Problem statement — The answer is to be the data that follows, transcribed exactly, minus its pictures.

*** The data Section Begins ***

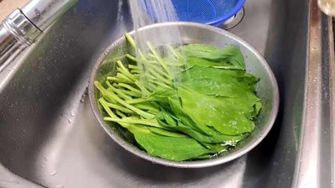 - 명이나물을 흐르는 물에 두어번 빠르게 씻어냅니다. 특히나 명이나물의 줄기 부분을 깨끗이 씻어주세요.
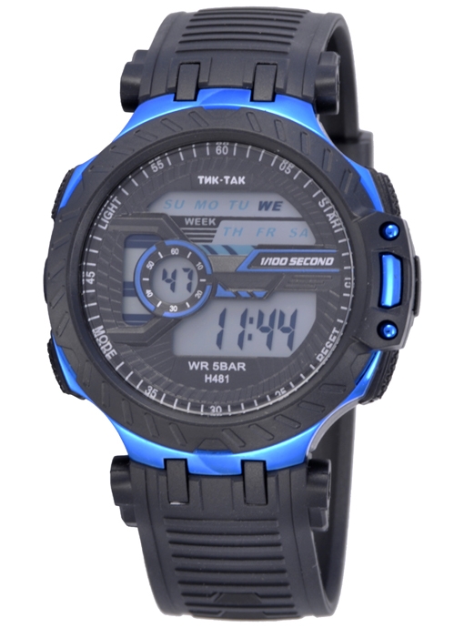 |  нажмите для увеличения | Электронные часы ТИК-ТАК Н481 WR50 черно-синие | Материал корпуса | Пластик | | Размеры корпуса | | | длина | 47 мм. | | ширина | 46 мм. | | толщина | 16 мм. | | Материал ремешка/браслета | PU | | Длина часов с ремешком | 240 мм. | | Механизм | Электронный с LCD дисплеем | | Особенности | 12/24 формат времени, дата, будильник, секундомер, подсветка. Водонепроницаемость 50м. | | Комплектация | Прозрачный пакет, паспорт, инструкция по эксплуатации и гарантийный талон |
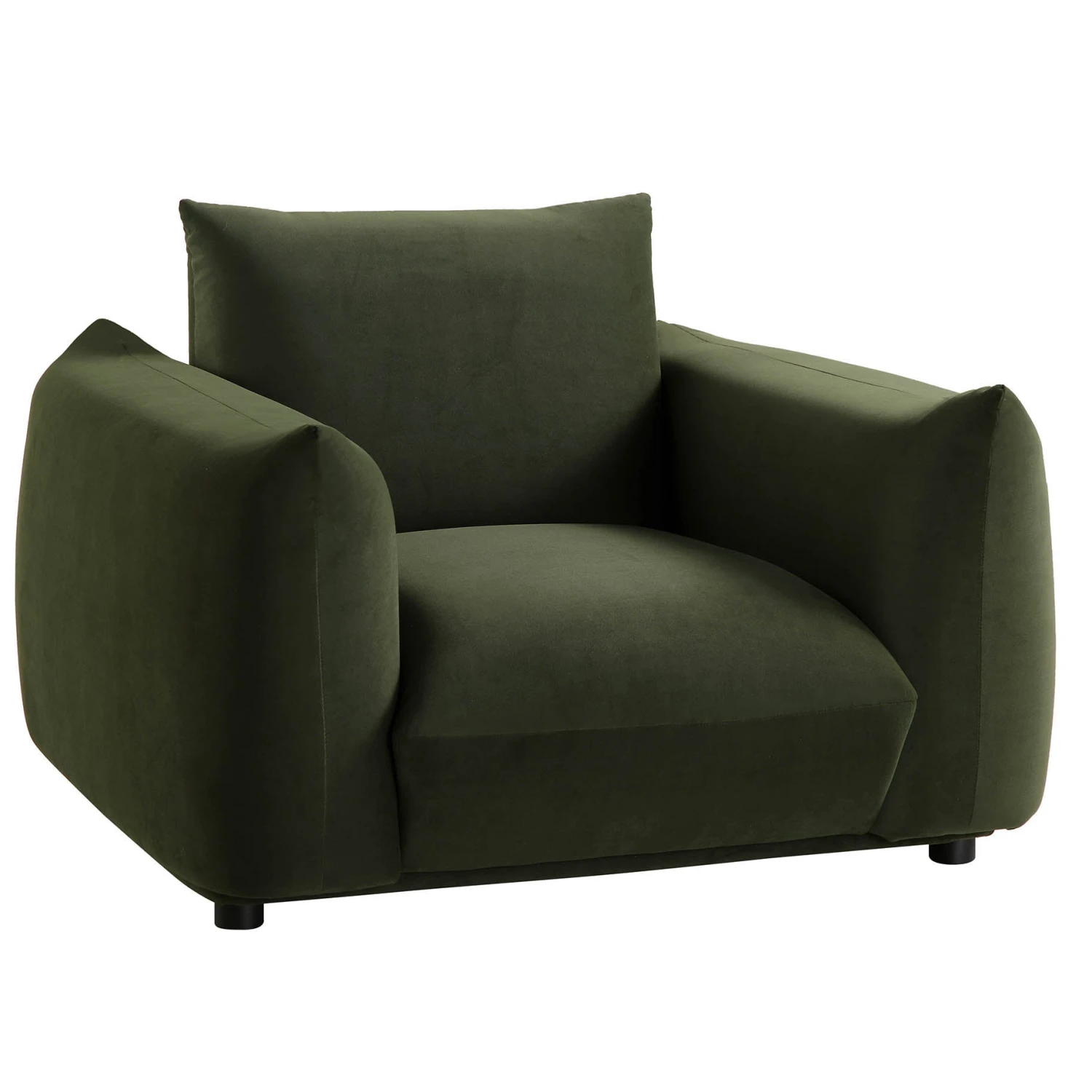 - Upholstered with beautiful earthy tone moss velvet touch fabric.

*** The data Section Ends ***

Solution to this problem —
 - 명이나물을 흐르는 물에 두어번 빠르게 씻어냅니다. 특히나 명이나물의 줄기 부분을 깨끗이 씻어주세요.
 |  нажмите для увеличения | Электронные часы ТИК-ТАК Н481 WR50 черно-синие | Материал корпуса | Пластик | | Размеры корпуса | | | длина | 47 мм. | | ширина | 46 мм. | | толщина | 16 мм. | | Материал ремешка/браслета | PU | | Длина часов с ремешком | 240 мм. | | Механизм | Электронный с LCD дисплеем | | Особенности | 12/24 формат времени, дата, будильник, секундомер, подсветка. Водонепроницаемость 50м. | | Комплектация | Прозрачный пакет, паспорт, инструкция по эксплуатации и гарантийный талон |
 - Upholstered with beautiful earthy tone moss velvet touch fabric.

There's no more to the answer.